*DESCRIPTION OF THE TASK*:
Starting at the line that contains "We both thoroughly", transcribe each line exactly through the end of the data below, and skip any pictures.

*DATA EXTRACT*:
··········

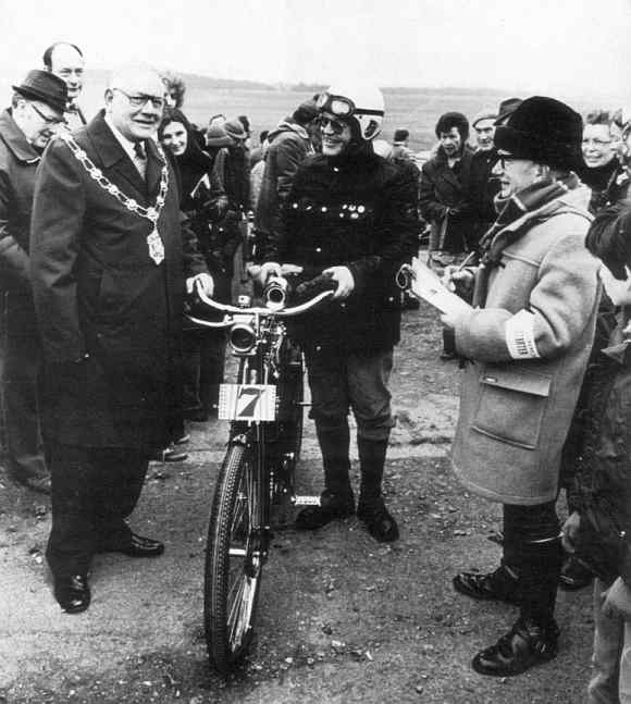 der har et skrin af guld hvori hun gemmer de æbler som guderne skal bide i når de ældes. Så fyldes de atter med ungdom. Er Fafnir kendt i både den germanske og den nordiske gudeverden er Idun ukendt i den germanske mytologi ifølge Encyclopedia Britanica. Tyder dette derfor på dansk oprindelse, og er teksten på skiltet på tysk af hensyn til snobeffekten? Motorcyklen Jduna er yderst professionelt lavet, både helhedsindtrykket og alle deltaljer viser at der ikke er tale om tilfældigt husflidsarbejde begrænset af teknisk kunnen eller kapacitet; på de 5 dele til forbremsen er der indhugget tallet 19 hvoraf man må kunne slutte, at der i hvert fald har været tale om en lille serieproduktion. Det er mit indtryk at de hjemlige arkæologer på motoriseringens område forlænget har fastlagt alle bevægelser omkring århundredskiftet, så dansk oprindelse er vel næppe sandsynligt. Jeg har ved den senere adskil- Det 43. Epsom-to-Brigklon Run. Lord Mayor og starter i aktion ved afgangen fra Epsom. Jduna bar på dette tidspunkt højst tilbagelagt 10 km siden restaureringens afslutning. |
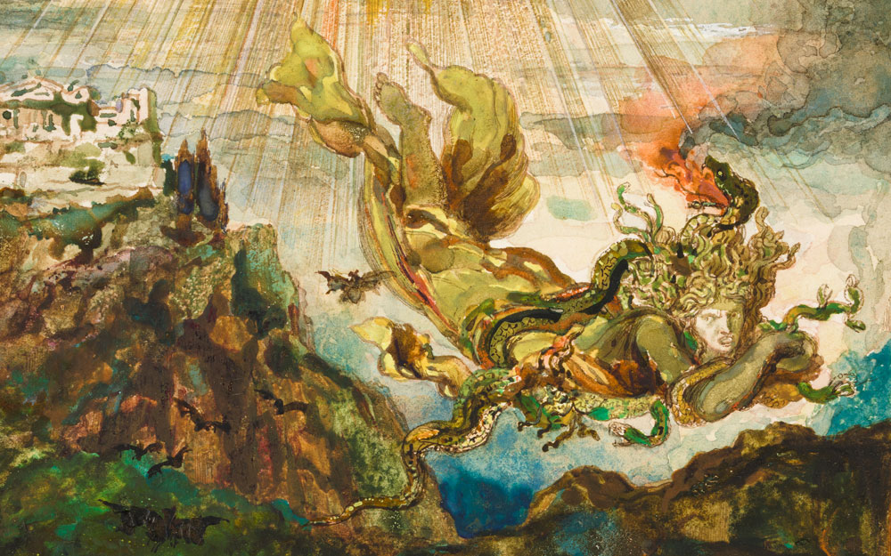 We both thoroughly enjoyed the art exhibition we’d come for as well.  This displayed a collection of glorious lapidary watercolours by Gustave Moreau (1826-98) which illustrate the Fables of Jean de la Fontaine. They vary in style, but they are all stunning, full of tiny intriguing detail. There are 35 of them, and they were painted 1879 and 1885, at the behest of Antony Roux, an art collector. They were exhibited in Paris in the 1880s and in London in 1886. There were originally 64 pieces, which were collected by xx Rothschild, but sadly nearly half of them were lost during the Nazi era. If you know your Aesop, many of the pictures will make sense at first glance, but there were others that didn’t so we were pleased that the explanatory texts were so good. We weren’t allowed to take photos in the exhibition, understandably, so here’s a couple I found online!
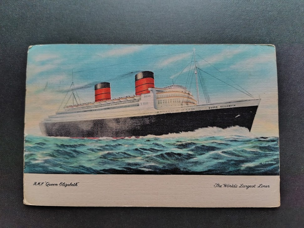 - 【使用済】ヴィンテージ 1955年 クイーンエリザベス ポストカード 絵葉書 客船 クルーズ船/R.M.S. QUEEN ELIZABETH
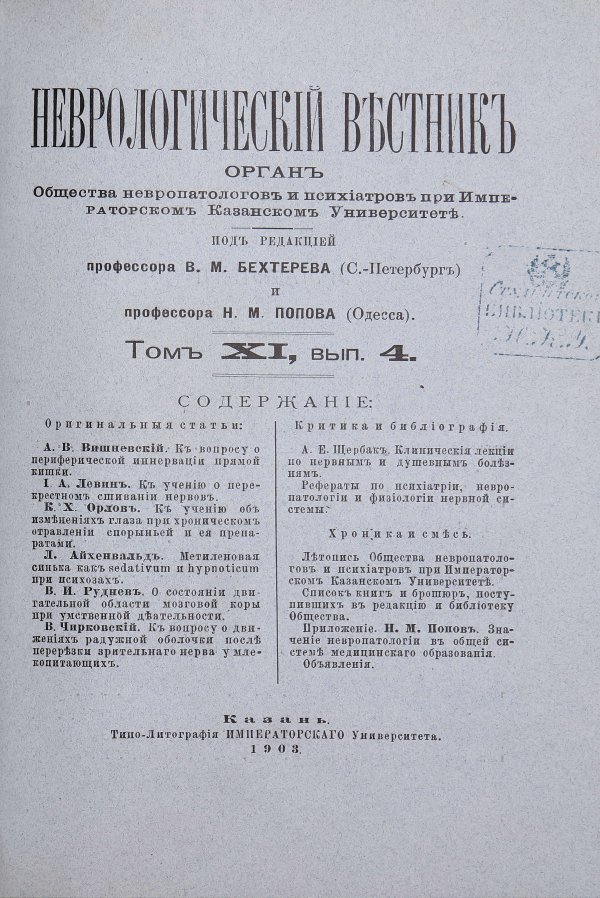 The history of the society of neuropathologists and psychiatrists at the Imperial Kazan University. Volume XI, No. 4 (1903)

··········

*OUTPUT BELOW*:
 We both thoroughly enjoyed the art exhibition we’d come for as well.  This displayed a collection of glorious lapidary watercolours by Gustave Moreau (1826-98) which illustrate the Fables of Jean de la Fontaine. They vary in style, but they are all stunning, full of tiny intriguing detail. There are 35 of them, and they were painted 1879 and 1885, at the behest of Antony Roux, an art collector. They were exhibited in Paris in the 1880s and in London in 1886. There were originally 64 pieces, which were collected by xx Rothschild, but sadly nearly half of them were lost during the Nazi era. If you know your Aesop, many of the pictures will make sense at first glance, but there were others that didn’t so we were pleased that the explanatory texts were so good. We weren’t allowed to take photos in the exhibition, understandably, so here’s a couple I found online!
 - 【使用済】ヴィンテージ 1955年 クイーンエリザベス ポストカード 絵葉書 客船 クルーズ船/R.M.S. QUEEN ELIZABETH
 The history of the society of neuropathologists and psychiatrists at the Imperial Kazan University. Volume XI, No. 4 (1903)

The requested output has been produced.